Но низкорослый коренастый штабс-капитан с круглой, рано начавшей лысеть головой (прозвище Купол было ему к лицу) реально мог связаться с «Варваром» и «Бешеным», даже когда те шли за горизонтом, в тумане. Или с береговыми частями, что важно для координации огня.
– О, это целая вечность! Я успею стать капитан-командором… И вообще чёртовы гости выдохлись, а мы стали гораздо опытнее. Пусть только попробуют явиться вновь – уж мы их встретим!
– С ними надо бороться иначе. Я намерен рапортовать по инстанции, предложить кое-какие меры.
– Вы опоздали, дружище! Через час-другой от их логова мокрое место останется…

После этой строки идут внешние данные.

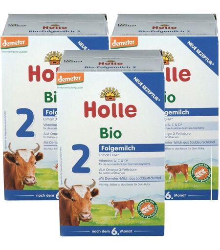 Wichtiger Hinweis: Muttermilch ist die ideale Nahrung für Säuglinge in den ersten Monaten. Sie ist gut verdaulich und so zusammengesetzt, dass sie im ersten Lebenshalbjahr den Bedarf an Nährstoffen und Flüssigkeit deckt. Bei alternativer Ernährung mit Muttermilchersatzprodukten beachten Sie die Hinweise und Zubereitungsanleitungen auf den Packungen genau, denn eine unsachgemäße Zubereitung von Säuglingsanfangsnahrung kann zu gesundheitlichen Beeinträchtigungen führen. Wir empfehlen, sich vor Anwendung von Muttermilchersatznahrung ärztlich beraten zu lassen.Bitte achten Sie auf eine abwechslungsreiche und ausgewogene Ernährung und gesunde Lebensweise. Anwendung: Im Anschluss an das Stillen, an die Holle Bio-Säuglingsmilchnahrung 1 oder anstelle jeder anderen Folgemilch verwendbar. Bestandteil einer gemischten Ernährung aus Flaschen und Breimahlzeiten. Sättigend, entspricht dem steigenden Nährstoffbedarf eines Babys. Zutaten: Entrahmte Milch**1, pflanzliche Öle* (Palmöl*3, Sonnenblumenöl*, Rapsöl*), Maltodextrin*, Molkenerzeugnis* (teilentmineralisiertes Molkenpulver), Stärke*, Magermilchpulver**, Lactose*, Fischöl2, Magermilchpulver*, Calciumcarbonat, Kaliumchlorid, Natriumchlorid, Calciumphosphat, Vitamin C, Natriumcitrat, L-Tryptophan, Eisenlactat, L-Tyrosin, Vitamin E, Zinksulfat, Vitamin A, Vitamin D, Niacin, Pantothensäure, Kupfersulfat, Vitamin K, Folsäure, Vitamin B1, Vitamin B12, Vitamin B6, Mangansulfat, Kaliumjodat, Natriumselenat, Biotin. *aus biologischer Landwirtschaft **aus biologisch-dynamischer Landwirtschaft 1 100g Säuglingsmilchpulver werden aus 196ml entrahmter Milch hergestellt 2 enthält DHA (gesetztlich für Folgenahrung vorgeschrieben) 3 aus nachhaltigem Anbau *enthält von Natur aus Zucker Nährwerttabelle pro 100g pro 100ml Trinkmenge* Energie 2.085,03 kj 498,00 kcal 291,90 kj 69,72 kcal Fett 23,80 g 3,33 g davon gesättigte Fettsäuren 8,50 g 1,19 g davon einfach ungesättigte Fettsäuren 10,50 g 1,47 g davon mehrfach ungesättigte Fettsäuren 4,80 g 0,67 g Kohlenhydrate 60,80 g 8,51 g davon Zucker 33,60 g 4,70 g Eiweiß 10,10 g 1,41 g Vitamine pro 100g pro 100ml Trinkmenge* % NRV** pro Portion Vitamin A 455,00 μg 63,70 μg 7,96 % Vitamin D 12,00 μg 1,68 μg 33,60 % Vitamin E 12,00 mg 1,68 mg 14,00 % Vitamin C 105,00 mg 14,70 mg 18,38 % Thiamin 0,45 mg 0,06 mg 5,45 % Riboflavin 1,10 mg 0,15 mg 10,71 % Niacin 3,50 mg 0,49 mg 3,06 % Vitamin B6 0,36 mg 0,05 mg 3,57 % Folsäure 144,00 μg 20,16 μg 10,08 % Vitamin B12 1,40 μg 0,20 μg 8,00 % Biotin 14,00 μg 1,96 μg 3,92 % Pantothensäure 3,50 mg 0,49 mg 8,17 % ** Prozent Nährstoffbezugswerte (NRV) laut Verordnung (EU) Nr. 1169/2011. Mineralstoffe pro 100g pro 100ml Trinkmenge* % NRV** pro Portion Kalium 564,00 mg 78,96 mg 3,95 % Kalzium 470,00 mg 65,80 mg 8,23 % Phosphor 280,00 mg 39,20 mg 5,60 % Magnesium 37,80 mg 5,29 mg 1,41 % Eisen 5,90 mg 0,83 mg 5... ...

Корабль вновь дрогнул, грохот залпа заглушил все звуки – прошлось выждать, чтобы продолжить беседу. Правда, толковать с Куполом было сложно – одновременно он вёл переговоры со своими собратьями в нескольких точках, отчего походил на сумасшедшего.
– …мокрое место, я сказал! Раньше они более метко запускали свои шары. Чтобы угодить в берег – такого пока не случалось. Разве что прямо в море, пускать пузыри…
– Да, и мне это кажется странным, гере старший лейтенант. Так. Понял. Записываю… Сколько прорвалось? Да. У меня помехи. Нет, не от корпуса корабля… что-то иное, какой-то шорох или плеск. Кто у нас в квадрате семь? Никого?.. Если есть резервные части, пусть выдвинутся в квадрат семь. Я вас уверяю – оттуда шёл сигнал. Да, шумовой, без голоса. Проверьте. Так, о чём бишь я? – обернулся Купол к старлею. – Высадка на берегу – да, удивительно. Ещё удивительнее то, что они окапываются, как ни в чём не бывало. Прежде они меняли место.
– Что-то не ладится на суше? – тихо спросил моряк.
– Увы. К фактории Еркен прорвалось два чуда-юда и десяток мелкой сволочи. Штурм-бригада их отбила… с большими потерями. Дело спас один поручик… бедовая голова. Обвязался взрывчаткой, вдоль ручья прокрался в тыл, успел к самой махине подбежать. Саблю обнажил, да с тем и подорвался.
– «С мечом в руке, с молитвой на устах и верой в сердце…» – Старлей невольно осенился. – Живы ещё меченосцы.
– Только, прошу, при бортовом попе не повторяйте.
– Да что вы, друг!
– Слушаю… Как? Громче! Я почти не слышу! Кто… Козырь! Козырь! Отвечайте!.. Срочно, – посмотрел он на старлея в крайнем волнении, – немедленно доложите вахтенному помощнику… капитану – на «Варваре» катастрофа.
– Сейчас же идём к нему, – заверил старлей, словно лично собирался повернуть штурвал.
– Нет! ни в коем случае! – Купол внезапно перешёл на крик. – От него, и как можно скорей! полным ходом! «Варвар» погиб, там спасать некого. Я вам говорю, они уже мертвы!.. Мундштук, Мундштук, – заговорил он уже для связиста на «Бешеном», – передай своим – поворот на запад и полный вперёд! «Варвар»… ты тоже слышал? А я разобрал – угроза снизу. Кто ждал? никто! надо всегда ждать!..
– Да объясните, наконец!
– Хорошо. Ещё полчаса промедления – и вы встретите на дне друзей с «Варвара». Устраивает? тогда садитесь и закуривайте.
– Но… на берегу ждут огневой поддержки!
– Без нас управятся. Обычное сражение. И не последнее, вы поняли?